Before anything else, drop the pictures; then return exactly the lines from the top of the listing through the line with "Habe vom hinteren".
+===+
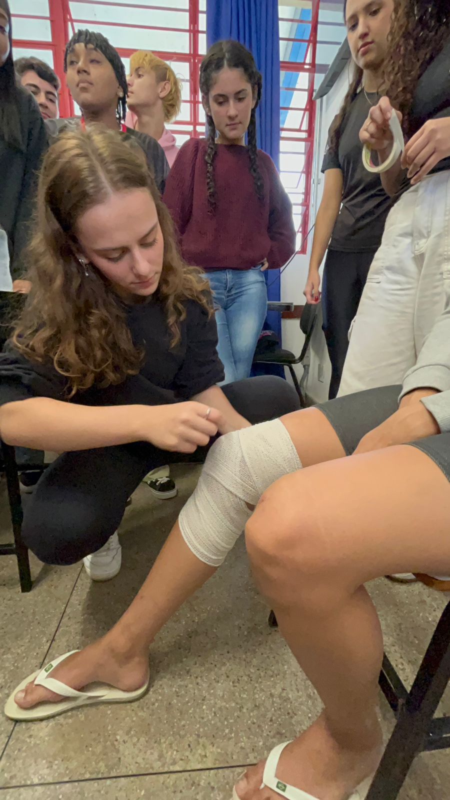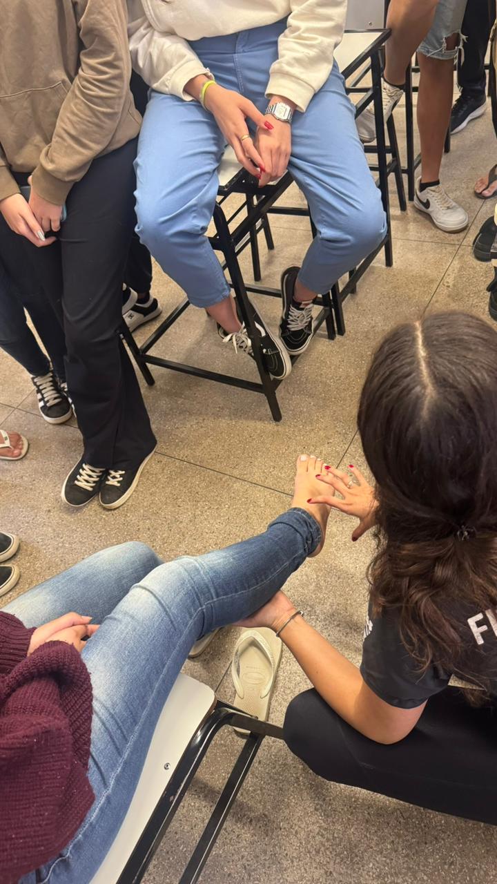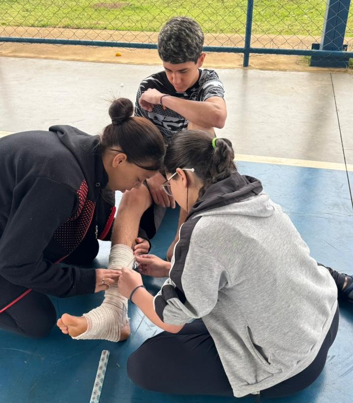 Na sequência, os estudantes participaram de uma gincana educativa, com simulações de entorses, fraturas e luxações, seguida de um formulário avaliativo com o propósito de identificar o nível de conhecimento prévio dos participantes sobre situações de emergência esportiva e compreender suas possíveis experiências anteriores.
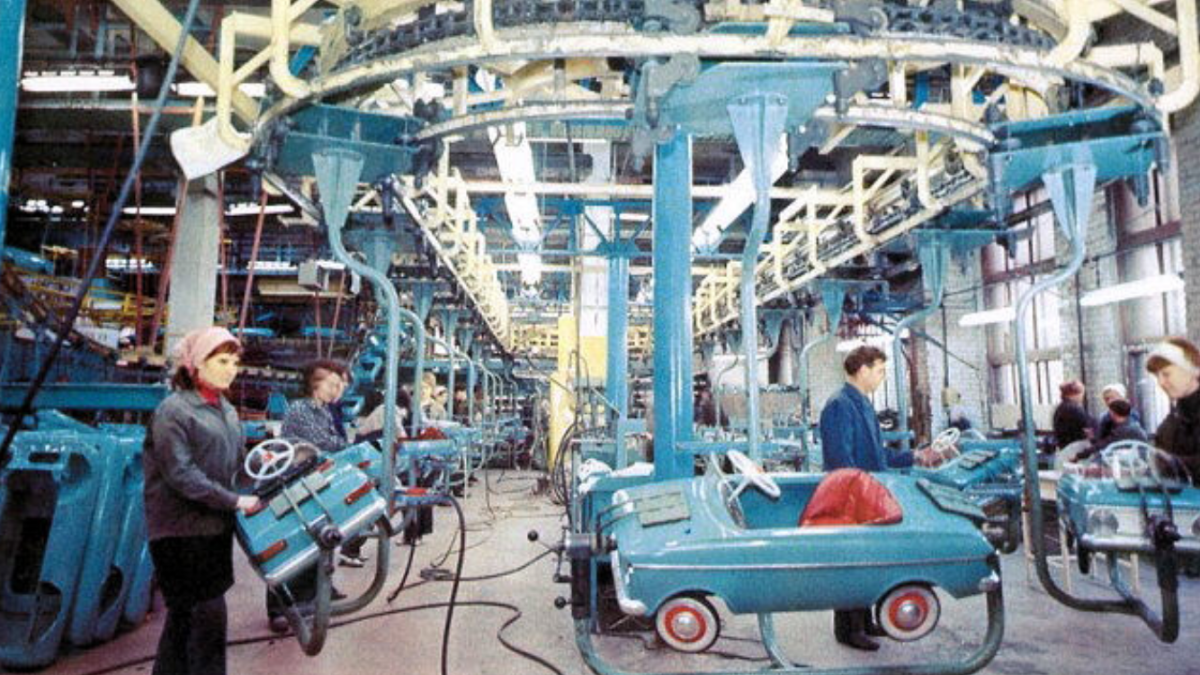 Habe vom hinteren Moskwitsch noch ein Werksfoto, er wurde in Russland mit den Blechabfällen von den 1:1 Modellen zusammengebaut…
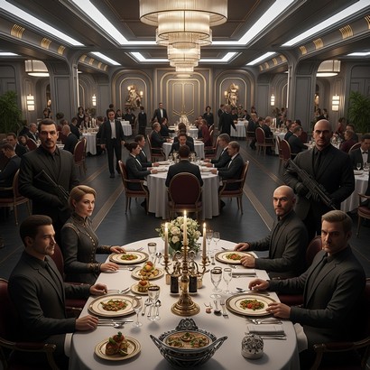 Перед кожним місцем з’явилися голографічні планшети, і от всі ці гості повсідалися на свої місця та й почали вивчати ті планшети, а мені прийшов сигнал, щоб я терміново з’явився на кухні. Передчуття підказало, що щось відбувається незвичайне, і воно мене не підвело. Кухню я не впізнав. Кухонний простір збільшився вдвічі, поряд із нашою звичайною кухнею через скляну стіну ми побачили ще одну кухню, яка була в рази досконалішою від нашої. На скляній стіні світився напис «Обслуговування імператора». І на тому боці працювали самі лиш дроїди. Ось одна таця наповнилася різними фруктами, друга — напоями. Схоже, що ті таці були антигравітаційні, бо дроїди-офіціанти їх швидко переміщали до того столу. На скляній стіні кухні я побачив голографічні проєкції семи планшетів, на яких було видно меню та відмітки про замовлення. І це все працювало автономно; незалежно від нашого ресторану, продукти були з їхніх сховищ. Трохи подумавши, я вирішив, що про це все необхідно повідомити господаря цього ресторану, нехай сам дає лад цим подіям. Розповів йому все: і про нахабних гостей, і про імператорське обслуговування. Вислухавши мене уважно, він відповів, щоб чекав, він зараз прибуде.
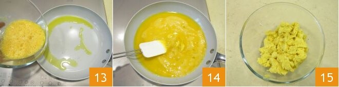 chauffez un filet d'huile dans une poêle et versez les œufs battus 13, faites cuire à feu modéré pendant quelques minutes et mélangez pour les brouiller 14. Lorsqu'ils commencent à prendre, vous pouvez également éteindre le feu : la chaleur de la poêle suffira pour continuer la cuisson. Une fois prêts, ils ne doivent pas être liquides mais ne doivent pas non plus avoir une consistance trop cuite : ils doivent avoir une couleur homogène, une texture douce et légèrement granuleuse. Transférez-les ensuite dans un bol 15.
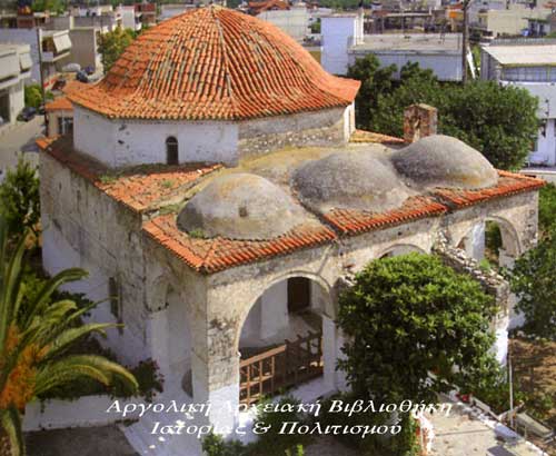 [85] Ο Πύρρος συμπληρώνει ότι «διά τήν κατασκευήν του κτιρίου τούτου έκάησαν όλα σχεδόν τά λευκά μάρμαρα τής Άργολίδας πρός κατασκευήν λευκής ασβέστου. Τό ώραΐον αυτό κτίριον, το όποιον άνεκαίνισεν ευνούχος τις του Σουλτάν Μπαγιαζίτου, έκρήμνισαν πρό μικρού οί Άργειοι, έπαίροντες έκείθεν τόν μόλυβδον καί τά μάρμαρα αύτοϋ- σώζονται όμως έως τώρα πολλώτατα ερείπια αυτού» (Sève 1979, 333 αλλά και 196-197).
+===+
Answer box:
 Na sequência, os estudantes participaram de uma gincana educativa, com simulações de entorses, fraturas e luxações, seguida de um formulário avaliativo com o propósito de identificar o nível de conhecimento prévio dos participantes sobre situações de emergência esportiva e compreender suas possíveis experiências anteriores.
 Habe vom hinteren Moskwitsch noch ein Werksfoto, er wurde in Russland mit den Blechabfällen von den 1:1 Modellen zusammengebaut…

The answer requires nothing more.